Similarly, having fewer big files rather than many small files will speed up everything from directory listings to backups on your filesystem; it is good all around.
如果您不知道到底是什么原因导致崩溃,则很难做出决定。如果您认为这是与文件系统性能相关的错误,您可以尝试分布式文件系统: http://hadoop.apache.org/common/docs/r0.20.0/hdfs_user_guide.html
如果你想实现Master/Slave系统,也许Hadoop可以是答案。
但首先我会尝试找出导致崩溃的原因......
It is hard to decide if you don't know what exactly causes the crash. If you think it is an error related to the filesystem performance, you can try an distributed filesystem: http://hadoop.apache.org/common/docs/r0.20.0/hdfs_user_guide.html
If you want to implement Master/Slave system, maybe Hadoop can be the answer.
But first of all I would try to find out what causes the crash...
当操作系统耗尽资源时,它们并不总是表现良好;有时,它们只是中止请求操作系统无法提供的第一个资源单元的进程。许多操作系统都有文件句柄资源限制(我认为Windows有几千个句柄资源,在像您这样的情况下您可能会遇到这种情况),而未能找到空闲句柄通常意味着操作系统对请求进程做了坏事。
一个需要更改程序的简单解决方案是同意您的许多作业中不能同时写入超过 N 个作业。您需要一个所有作业都可以看到的共享信号量;大多数操作系统都会为您提供相应的设施,通常作为命名资源(!)。在启动任何作业之前将信号量初始化为 N。

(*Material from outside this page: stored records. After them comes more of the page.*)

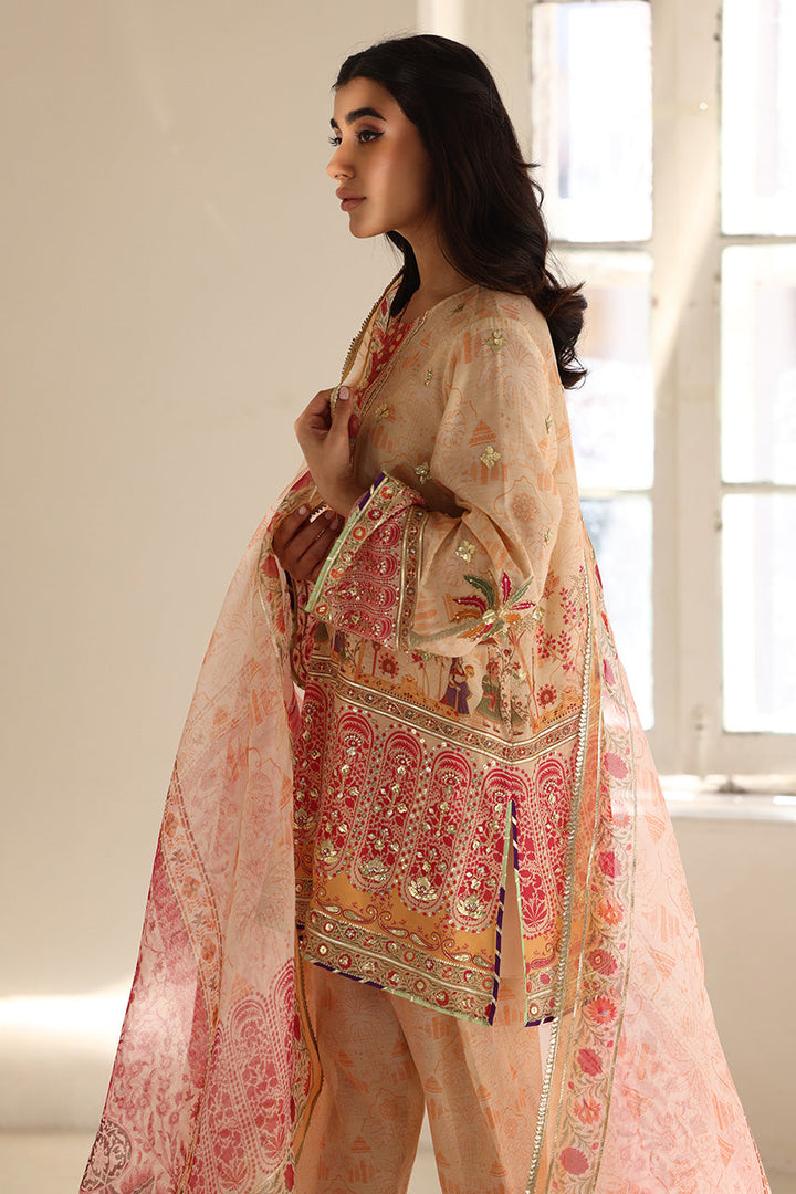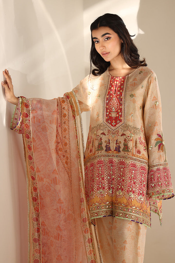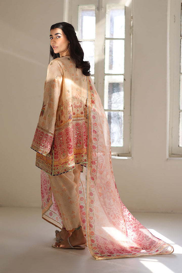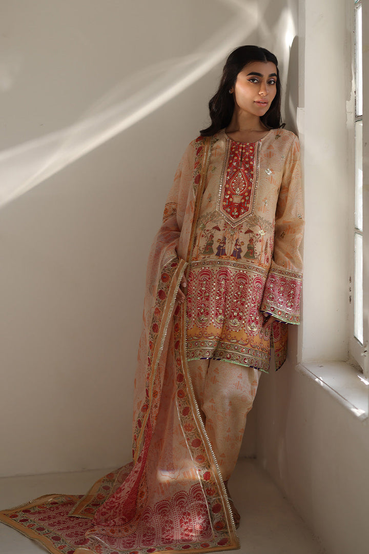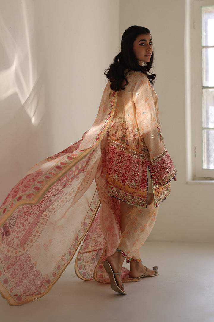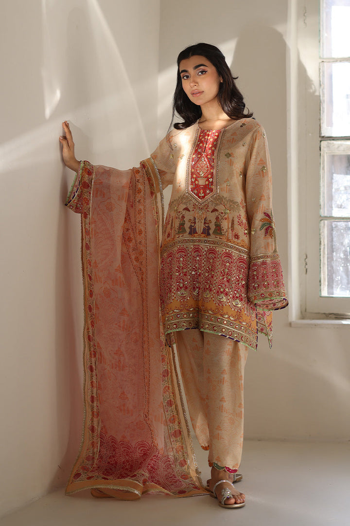 Exude timeless elegance with a richly detailed kurta adorned with heritage inspired embroidery and shimmering gota accents. Crafted from luxe khaddi silk, the shirt pairs effortlessly with an embroidered printed pure rawsilk shalwar. An intricately printed organza dupatta with gota details, completes the look.
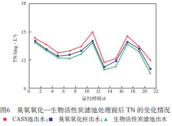 臭氧氧化—生物活性炭濾池處理前后 TN 的變化情況見圖 6。由圖 6 可見,CASS 池的出水 TN為 11.73~14.56 mg/L,經臭氧氧化后臭氧氧化柱出水 TN 為 11.06~14.05 mg/L,再經生物活性炭濾池處理后出水 TN 為 10.54~13.87 mg/L,系統對 TN的去除效果不明顯。這可能是由于臭氧出水中含有較高的溶解氧導致系統內溶解氧比較充足,不具備反硝化菌生長的條件,因此幾乎未發生反硝化,僅靠同化作用去除了少量總氮。
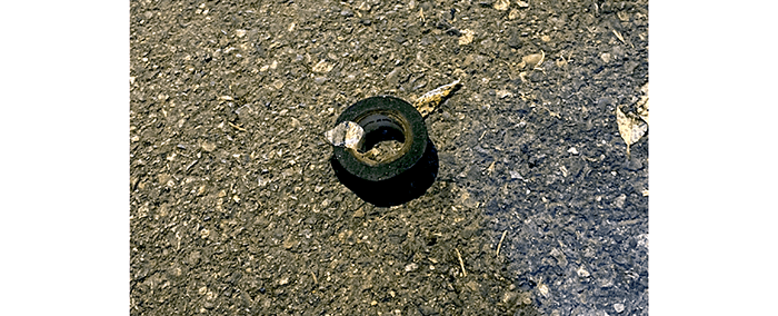 A hardly runover role of electrical tape. We’ll add it to our other eight rolls of electrical tape we’ve found.
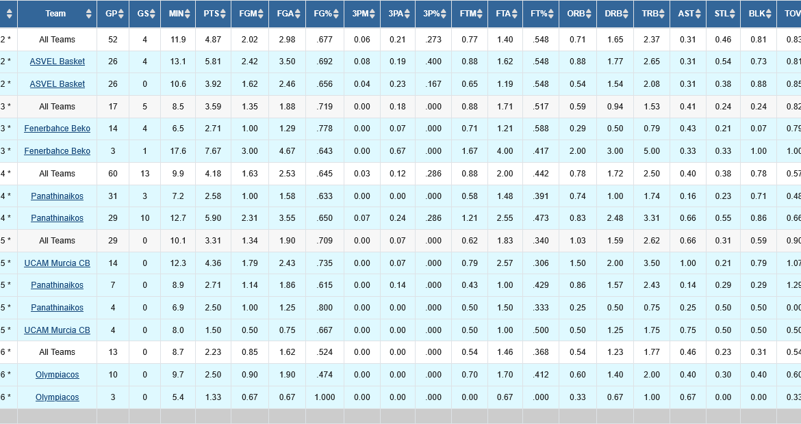 ΤΑ ΣΤΑΤΙΣΤΙΚΑ ΤΟΥ ΣΤΗΝ G-LEAGUE
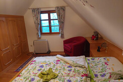 Das einladende Ferienhaus bietet zwei Schlafzimmer, die jeweils mit einem gemütlichen Doppelbett ausgestattet sind und sich im Obergeschoss befinden. Bettwäsche ist vorhanden. Über eine Wendeltreppe aus Holz gelangen Sie vom Erdgeschoss in oberen Stock, in dem sich ebenfalls ein WC mit kleinem Handwaschbecken befindet. Eine zusätzliche Schlafgelegenheit für eine fünfte Person bietet die ausziehbare Couch im Wohnzimmer. Von dort gelangen Sie direkt auf die großzügige Terrasse mit Sitzgelegenheiten, einem Grill und dem gepflegten Garten, der das Haus umgibt.
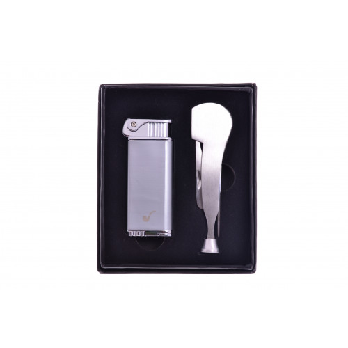 Подарочный набор для трубокуров, состоящий из газовой зажигалки и трубочной топталки. Оба предмета выполнены из нержавеющей стали. Подарочная коробка и фирменная гарантия.

让每个写入作业在即将写入时从信号量获取一个资源单元,并在完成时释放该资源单元。完成此操作的代码量应该是在高度并行应用程序中插入一次的几行代码。然后你调整 N 直到不再有问题。 N==1 肯定会解决这个问题,而且你可能可以做得更好。
OSes don't alway behave nicely when they run out of resources; sometimes they simply abort the process that asks for the first unit of resource the OS can't provide. Many OSes have file handle resource limits (Windows I think has a several-thousand handle resource, which you can bump up against in circumstances like yours), and failure to find a free handle usually means the OS does bad things to the requesting process.
One simple solution requiring a program change, is to agree that no more than N of your many jobs can be writing at once. You'll need a shared semaphore that all jobs can see; most OSes will provide you with facilities for one, often as a named resource (!). Initialize the semaphore to N before you launch any job.
Have each writing job acquire a resource unit from the semaphore when the job is about to write, and release that resource unit when it is done. The amount of code to accomplish this should be a handful of lines inserted once into your highly parallel application. Then you tune N until you no longer have the problem. N==1 will surely solve it, and you can presumably do lots better than that.